■ **WHAT TO DO**:
Set down each line of the data exactly, but not the pictures.

■ **MATERIAL PROVIDED**:

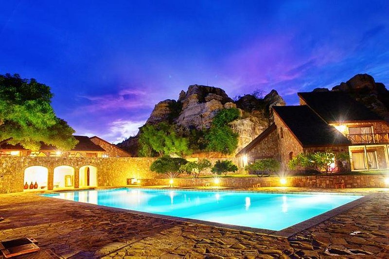 This luxury lodge is situated a half a days drive from the coast, and borders the Southern boundary of the famous Isalo National Park in southwestern Madagascar. Built of stone, this lodge perfectly blends into its surroundings, and features a large swimming pool, lush gardens and a cozy stone dining room with a large central fireplace.
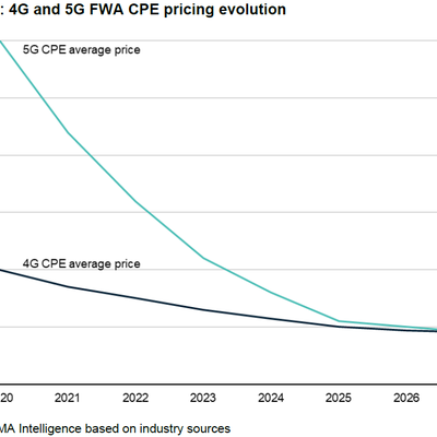 GSMA 的一项研究对比了,4G 和 5G CPE 终端的平均价格变化。
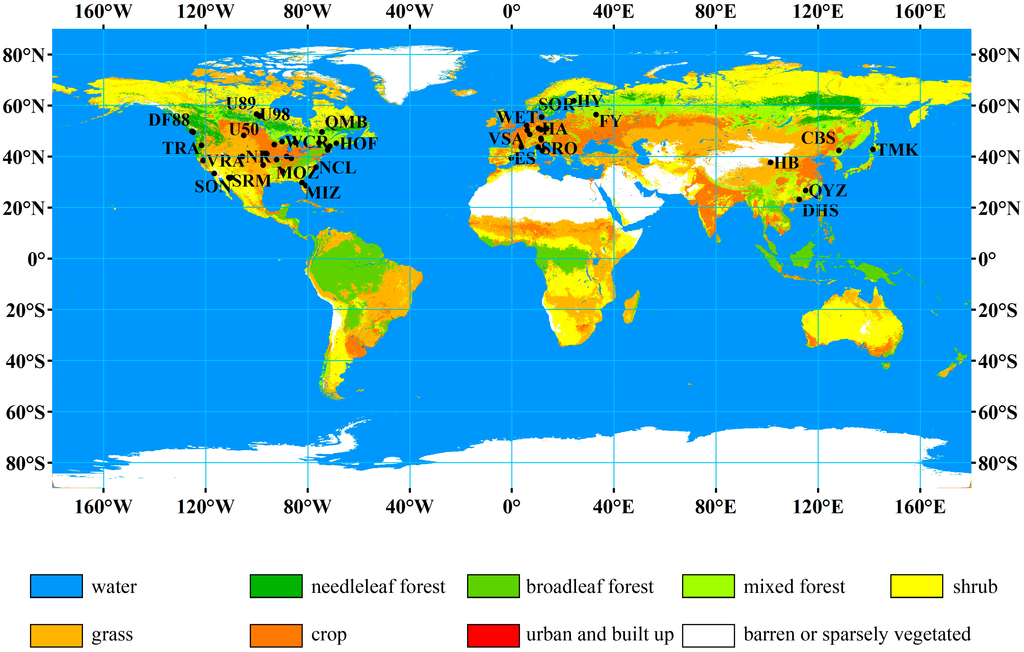 | ARM_SGP_Main (ASM) | USA | 36.61 | −97.49 | CROP | 2003 | 2004 | Fischer et al. (2007) [43] |

■ **OUTPUT FOR THIS TASK**:
 This luxury lodge is situated a half a days drive from the coast, and borders the Southern boundary of the famous Isalo National Park in southwestern Madagascar. Built of stone, this lodge perfectly blends into its surroundings, and features a large swimming pool, lush gardens and a cozy stone dining room with a large central fireplace.
 GSMA 的一项研究对比了,4G 和 5G CPE 终端的平均价格变化。
 | ARM_SGP_Main (ASM) | USA | 36.61 | −97.49 | CROP | 2003 | 2004 | Fischer et al. (2007) [43] |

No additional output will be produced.